The Dead Space franchise is known for its campaign, which is a single player experience. Dead Space 2 adds a multiplayer experience. In it, players play as either human military team tasked with map specific objectives to complete or as swarms of necromorphs attempting to kill them (as necromorphs usually do). Think Aliens vs. Predators or Left 4 Dead. I had my doubts going into the multiplayer mode. Actually, I planned originally on not even giving it a try. For games that were once single player focused, adding multiplayer usually doesn’t fare well. It is either a mediocre experience or completely irrelevant. Besides, when you get these games, you aren’t getting them for a multiplayer experience. Luckily I hate watching people cast praise or slander on a game (or game dynamic) before it comes out. There is no way you can accurately or factually speak on a game without playing it. How would I look reviewing a game and not playing it completely? Visceral Games did Dead Space fans a favor including the multiplayer. It is very well implemented. I had a blast playing it and became hooked after playing on the human team and witnessing the team work and communication required to win. There is a lot of potential here and I hope that Visceral Games keeps the multiplayer in the series and continues to build upon the foundation they created in Dead Space 2.
Obviously, the main event of this pay-per-view is the campaign. Dead Space 2 is a gorgeous game. Not in the simple minded view of pixel counting, but in terms of what you see when you play the game. Cut scenes and game play look exactly the same. QTE (quick-time events) are peppered into logical cut scenes in a fashion that keeps players attention at all times. In fact, there was never a time where I was caught off guard by one. Based on what I witnessed Mr. Clarke enduring I could sense when I would have to act. Dead Space is up there with Resident Evil in terms of perfect QTE. Other games should take notes. There is a graphical improvement from the original Dead Space. That speaks volumes in itself because the original Dead Space is gorgeous even today. Dead Space 2 benefits from its locale. The original game took place on the USG Ishimura, a mining spaceship in a feeble state due to an unknown outbreak caused by the mysterious marker. This created a situation where players were almost always in dark cramped rooms or corridors that did differ greatly from each other. Also, the population of people in Dead Space that were not already necromorphs was limited to the few story impacting characters you encountered. Dead Space 2 takes place mainly on the Sprawl, a heavily populated space station built on one of Saturn’s moons. This created new dynamics for gamers to encounter. Not all rooms are poorly lit. However, the presence of light does not equate to safety. Players are in environments that have a lot more room. While this allows for more movement from the player, it also allows the enemy to surround players and even enter rooms from behind the player’s focus. The environments differ greatly from each other. Players will encounter other human beings this time that are victims of a plot that I can not reveal. You will see things in this game that will haunt you. Due to Isaac’s mental condition, you will see many hallucinations and this will cause you to doubt what you are seeing yourself. It is an interesting dynamic. In a horror game where you do not have the luxury of being lax on your aggressiveness, Visceral Games is making players do just that. If you simply shoot every time you see something you will feel like a fool and waste valuable ammo.

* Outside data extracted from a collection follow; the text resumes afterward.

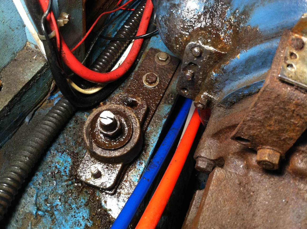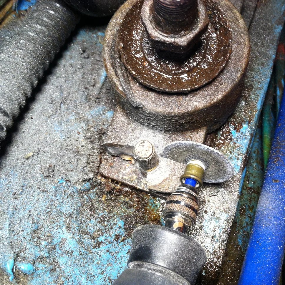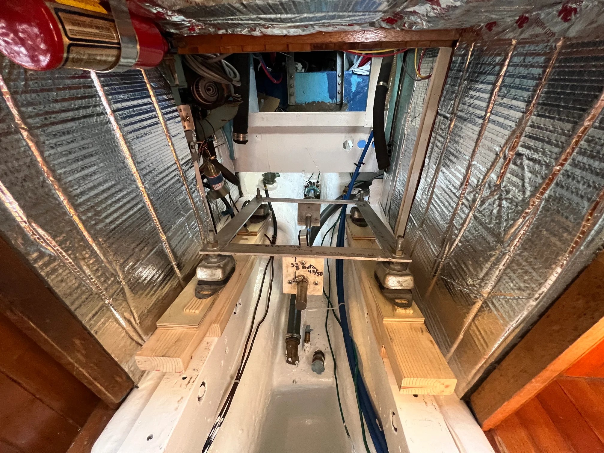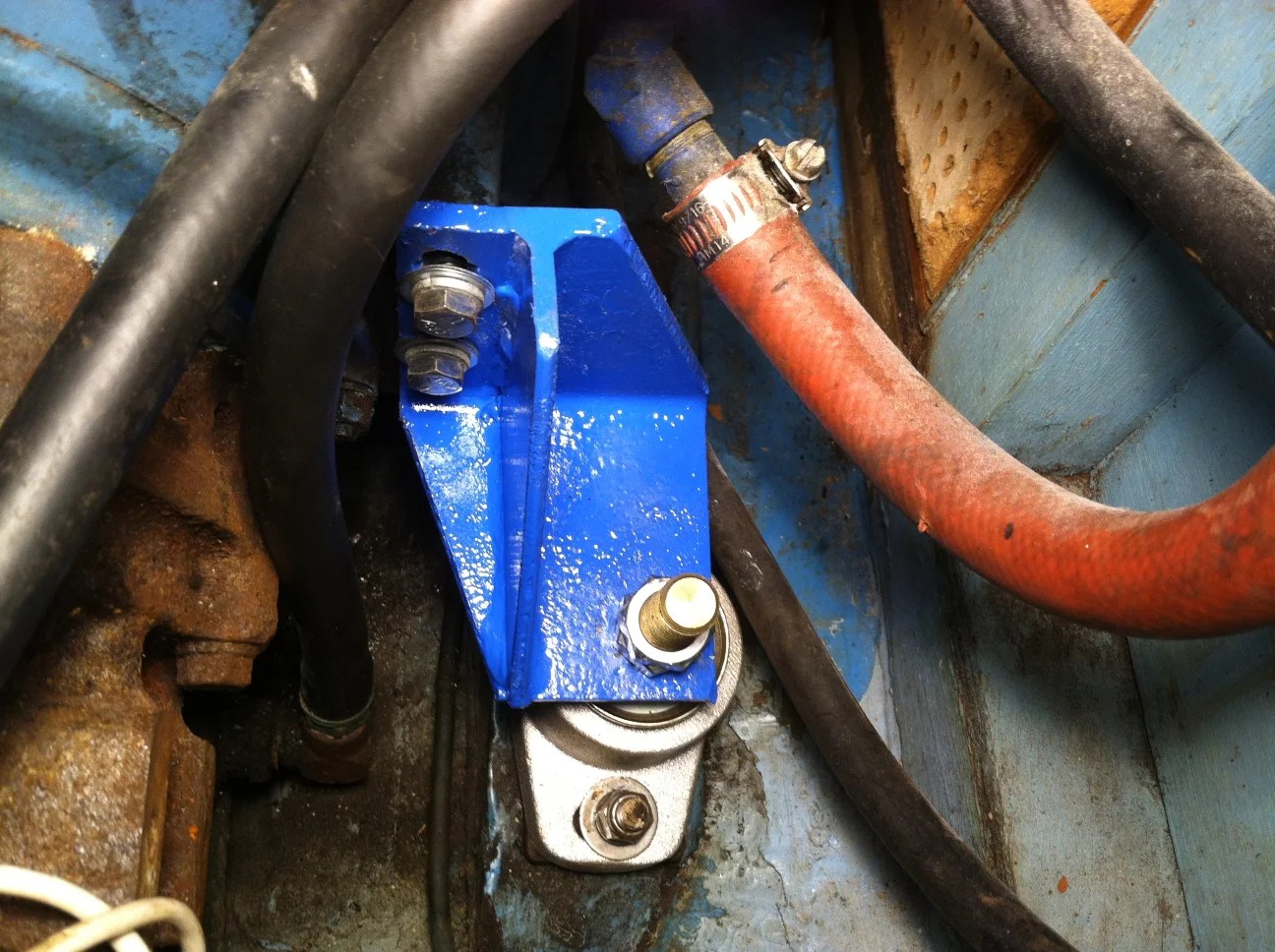 The heat exchanger at the back of the engine had corroded due to the previous owners not changing the zincs, and as a result, had been leaking salt water onto the port side engine mount. The steel engine bracket had nearly rusted away, and both rubber engine mount bushings were shot. Also, the bolts that secure the engine bracket were rusted off and I had to drill and tap new threads in the aluminum transmission case in order to fasten the newly fabricated bracket in place.
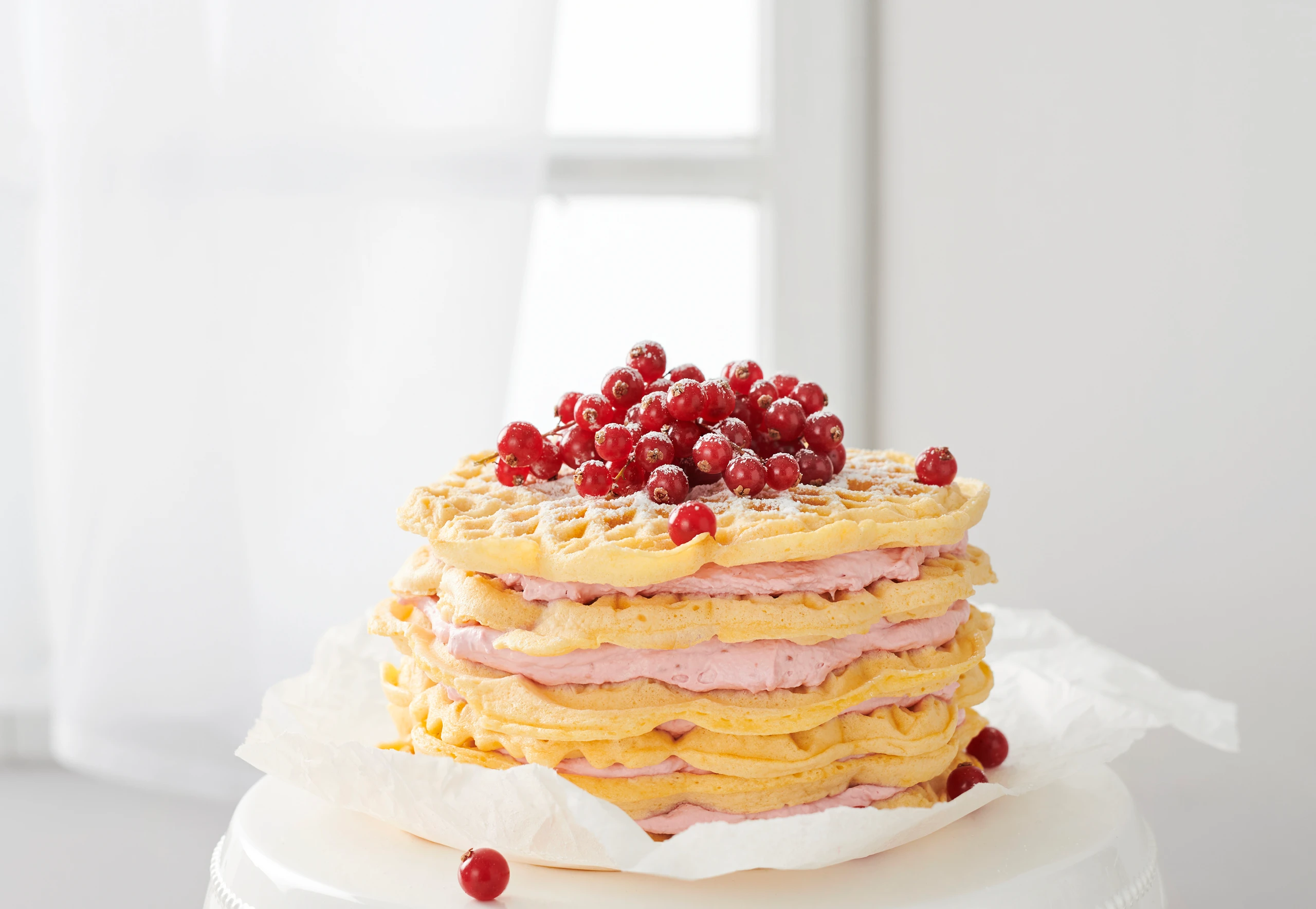 Waffeln abwechselnd mit der Creme übereinanderstapeln. Torte mit Staubzucker bestreuen, mit übrigen Ribiseln verzieren.
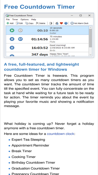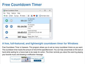 98%Free Countdown Timer is a free, full-featured, and user-friendly countdown timer for Windows. Free Countdown Timer is freeware. This program allows you to set as many countdown timers as you want.
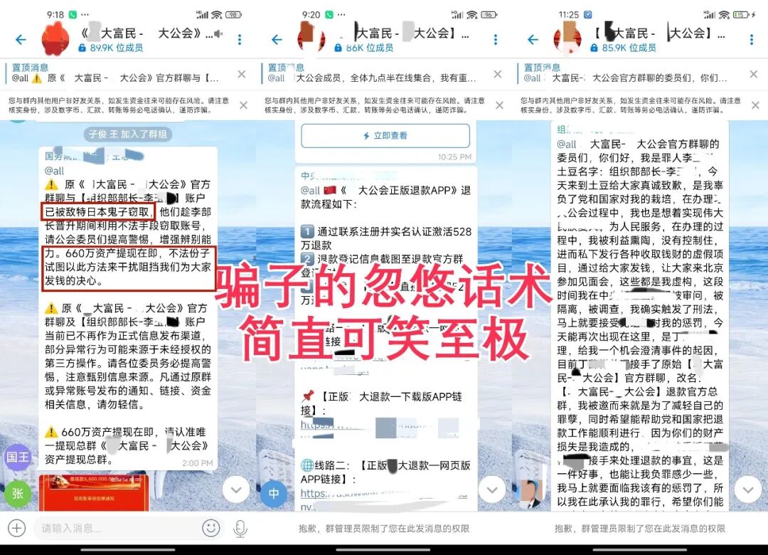 近日多名受害者反馈,在该项目投入巨额资金后,平台方频繁修改规则,最终导致所有投资血本无归;更恶劣的是,不法分子严格禁止项目成员相互沟通联系,导致受害者连举报所需的证据材料都无法收集。
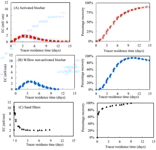Response curves of the filter materials to addition of a NaCl tracer pulse of 10 g L−1, measured as electric conductivity (EC) in the effluent from filters of (A) activated biochar (×; n = 2), (B) non-activated willow biochar (◆; n = 3) and (C) sand (▲; n = 2). Diagrams to the left show EC in effluent against time and diagrams to the right show percentage of tracer recovered against time. All filter materials had an effective particle size (d10) of 1.4–1.5 mm and a hydraulic loading rate of 32 L m−2 day−1.
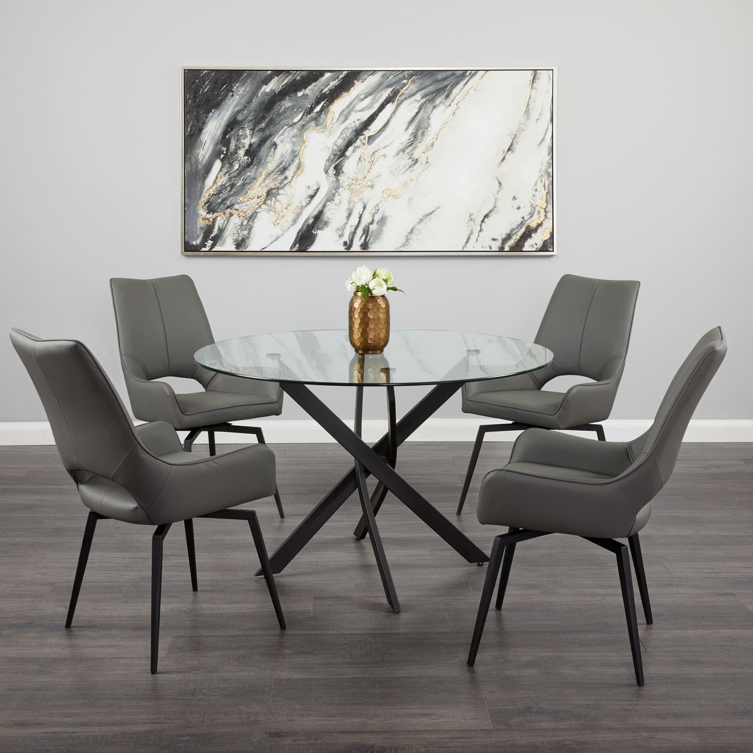 Uptown Club Modern Round Dining Table with Tempered Glass Top, Seats 4 in Style & Comfort, Elegant Kitchen Furniture for Contemporary Home, 47-Inch, Black

There were a handful of just jaw dropping moments. Two came from simply looking at environments around you. There is a segment where I was riding an elevator and noticed I could see Saturn out of the windows. The perspective you have is fantastic. Being on one of Saturn’s moons, you get an awe inspiring view. Of course, this meant I was not paying attention to my surroundings. It is as if the developers knew this would be the case. The other three moments all came from cut scenes. Visceral Games did a great job of creating this polarity in Isaac. On one hand, you see his weaknesses as he struggles to hold on to sanity. Being an engineer and not a soldier, he is not the best when it comes to warfare and combat. On the other hand, he is intelligent and has the ability with Stasis and Kinesis to make up for his lack of combat training. Also, his experiences on the USG Ishimura have hardened and molded him. There are moments where Isaac pulls off some simply bad ass moments. His drive to get resolution, live, and keep those around him alive is unparalleled and is witnessed in some of the cut scenes. Trust me; you have to witness them with your own eyes.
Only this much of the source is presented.